The Romance of Pre-Marital Financial Planning

You’ve met someone great and you really think this person could be the one you’ll spend the rest of your life with. You both have similar morals, ethics and life goals. You’ve even answered the NY Times questions to answer before marriage. First, congratulations on meeting someone special. Feels great, doesn’t it? Now, wouldn’t you want to make sure you have the best possible chance of making it? Well, I’m no John Gottman and I can’t predict the likelihood your marriage will succeed, but I do know that some pre-marital financial planning can go a long way to ensure a happy marriage.

Remember, marriage is a legal contract and you are uniting assets, not just families. That means that you need pre-marital financial planning. Yes, even if you’re in love. Truly.

I suspect many people avoid this topic for a number of reasons. It’s not “romantic.” Or it doesn’t feel that way at first.

I actually think it is romantic to talk finances. You are establishing a deeper layer of trust that happens when you fully disclose finances to each other. By making financial goals together as a couple, you envision the future together.

Let’s talk about something truly unromantic. Imagine being that woman or man who is ill-prepared to deal with the financial consequences if things go south. Being stuck in a marriage where one party is spending everything, leaving the other to salvage whatever money is left. Perhaps, it even comes down to one person hiding assets. That is truly unromantic.

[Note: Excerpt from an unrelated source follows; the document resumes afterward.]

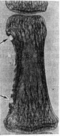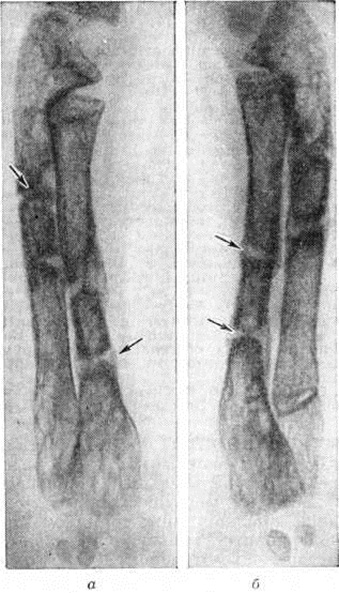 Метафизы длинных трубчатых костей утолщаются, приобретают чашеобразный вид, что обусловлено задержкой обызвествления остеоидных балок, образующихся вблизи зоны роста (рисунок 5). Дифференциальную диагностику Остеопатия нефрогенная у детей проводят с витамин-D-дефицитным рахитом (смотри полный свод знаний), гипофосфатазией (смотри полный свод знаний), несовершенным остеогенезом (смотри полный свод знаний: Остеогенез несовершенный), хондродистрофией (смотри полный свод знаний), мальабсорбции синдромом (смотри полный свод знаний), с идиопатической гиперкальциемией детского возраста (смотри полный свод знаний: Гиперкальциемия). При дифференциальной диагностике с рахитом имеет значение время возникновения изменений со стороны костной системы ребёнка. Клинические, проявления рахита обычно обнаруживаются рано, в возрасте 1½—3 месяцев и сопровождаются гипераминоацидурией (смотри полный свод знаний: Аминоацидурия) и метаболическим ацидозом. Гипофосфатазия проявляется также в первые месяцы жизни ребёнка и характеризуется пониженным содержанием или отсутствием щелочной фосфатазы в крови и повышенной экскрецией фосфоэтаноламина с мочой. Цистиноз (смотри полный свод знаний) по клинике и биохимическим сдвигам сходен с синдромом де Тони—Дебре—Фанкони; его диагностика основана на обнаружении кристаллов цистина в роговице и в лейкоцитах. Для синдрома Лоу (смотри полный свод знаний: Лоу синдром) характерно одновременное поражение глаз, центральная нервная система и повышенное выведение с мочой кетокислот. При хронический тирозинозе (смотри полный свод знаний)) имеет место гепатоспленомегалии, желтуха и геморрагический синдром. Для идиопатической гиперкальциемии характерен остеосклероз во многих костях скелета, в том числе в костях таза по краю вертлужных впадин, в лобной и основной костях черепа, лопатке. Уплотняются также тела позвонков, короткие кости запястья и предплюсны. В длинных трубчатых костях остеосклероз локализуется в основном в метафизах, имея или сплошной или лентообразный вид. Длинные трубчатые кости, особенно нижних конечностей, при этом бывают искривлены (рисунок 6). Общие принципы терапии Остеопатия нефрогенная включают мероприятия, улучшающие всасывание кальция и витамина D, активацию его в печени и почках и превращение в гормон (1а, 2, 5-дигидрокси-холекальциферол). Активация ферментативных систем, осуществляющих гидроксилирование витамина D, возможна при введении таких препаратов, как фенобарбитал. При отсутствии эффекта назначаются высокие дозы витамина D3 и его гидроксилированных форм; применяются большие дозы препаратов фосфора и кальция. Лечение проводят под контролем содержания фосфора в крови, активности щелочной фосфатазы и выведения кальция и фосфора с мочой. Оперативную коррекцию костных деформаций проводят не раньше, чем через 2 года после стойкой клинико-биохимической ремиссии. Профилактика Остеопатия нефрогенная у детей заключается в лечении основного заболевания. Чем раньше начато лечение, тем реже возникают показания к оперативной коррекции костных деформаций.
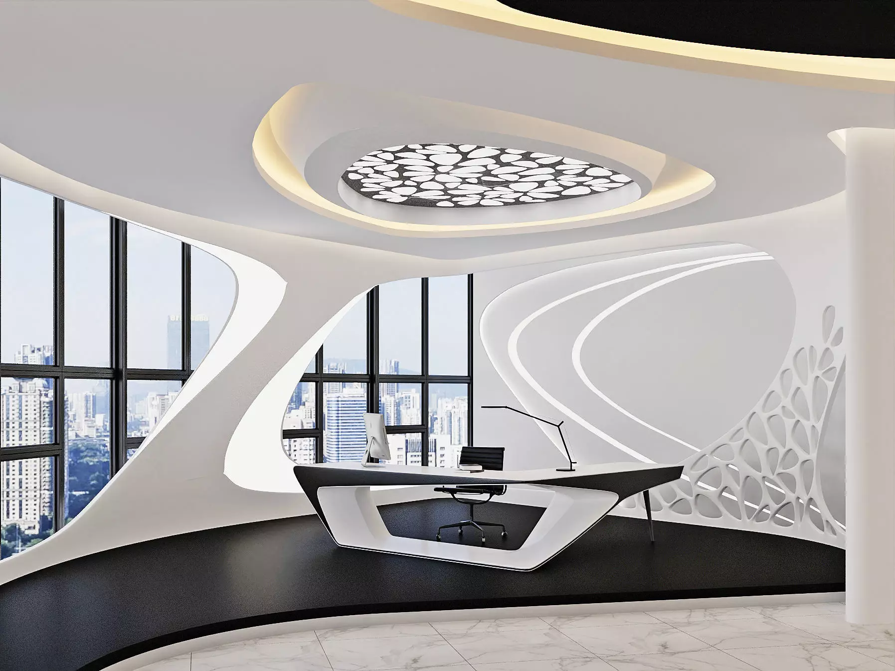 Experience a Futuristic Executive Office designed with flowing parametric architecture and a refined minimalist palette.This high-end workspace features sculptural wall geometry, an iconic curved desk, and a dynamic skylight pattern, blending form and function seamlessly.

I will not be discussing prenups (but if you need a refresher, click here!) in this post, but these discussions are the foundation of creating one.

Question 2 of the aforementioned NY Times Questions is the focus:

Do we have a clear idea of each other’s financial obligations and goals, and do our ideas about spending and saving mesh?

Let’s break it down further:

1. Money history

What did money mean to you growing up? 

If you don’t know how your partner grew up financially, this is a good time to find out. For example – did they ever have to worry about whether there was enough money for dinner? What money lessons, if any did they learn growing up? This is also a good time to start learning about each other’s parents’ and other family member finances that can affect you. This will be further delved into below.

2. Income

How much do you earn? Is this job stable? What are you career goals?

3. Financial obligations: Liabilities and Debt

Do you have debt – how much and what kind? How do you feel about having debt (debt tolerance)? What is your credit score? Have you ever filed for bankruptcy? If one of you owns a business – find out if you/your partner can be personally liable if sued. What are the business’ assets and liabilities? If this is a second marriage and/or if there are children from a previous marriage or relationship:

Do you pay alimony? How much is left?

Do you pay child support? How much? When does this obligation end?

What is your financial obligation for funding their college and more? 

If there is an ex-wife/husband: Any concerns that s/he will ask for more financial support?

I strongly recommend reading their divorce decree and parenting agreement.

4. Assets

Do you own property? What retirement and other accounts do you have and what are the current balances? How much do you contribute to these accounts yearly? What is your net worth?

5. Spending

How do you decide to make a large purchase? Do you budget? Do you have credit card debt?

6. Goals

What are your financial goals and by when? 

This is a good time to really find out if you and your partner have even thought about “retirement” goals, or as I prefer to call it reaching financial independence.

7. Practical matters going forward

How will we handle finances together? Joint and/or separate checking accounts? Over what amount should we discuss making a large purchase? Will we jointly own future purchases of homes and other investments? How are we going to handle pre-marital assets and liabilities? Will they be jointly shared or remain separate?

8. Finances of parents

Are our parents (insert siblings and other potential family members here) financially stable? Is there a possibility they may need our help in the future? How do we feel about that?

As if it wasn’t enough to discuss each other’s finances, you need to know what the financial state of their parents and siblings are. This is semi-addressed in question 11 of the NY Times questions:

Do we value and respect each other’s parents, and is either of us concerned about whether the parents will interfere with the relationship?

Financially ill-prepared parents and family members are common. Not being on the same page on this topic can wreck havoc on a marriage. It’s tough to be prepared for this, but having a conversation in advance can help.

So, did my partner and I go through a checklist? Not this systematically, but, I did ask him most of the above questions before we got engaged. I am fully aware of his assets and liabilities. I have read his divorce decree and parenting agreement. We did all of this to make sure that our relationship is on the same financial page.

Continuing Your Pre-Martial Financial Planning

If you’re a female breadwinner, I highly suggest this book. You can also work with different counselors or therapists. Some people think that having an outside perspective can keep the emotions at bay, allowing you to better focus on your goals and dreams. No matter how you proceed with your pre-marital financial planning, it is important to start conversations and ask questions now. You might not think it’s romantic, but it’s a great way to say how much you love your partner.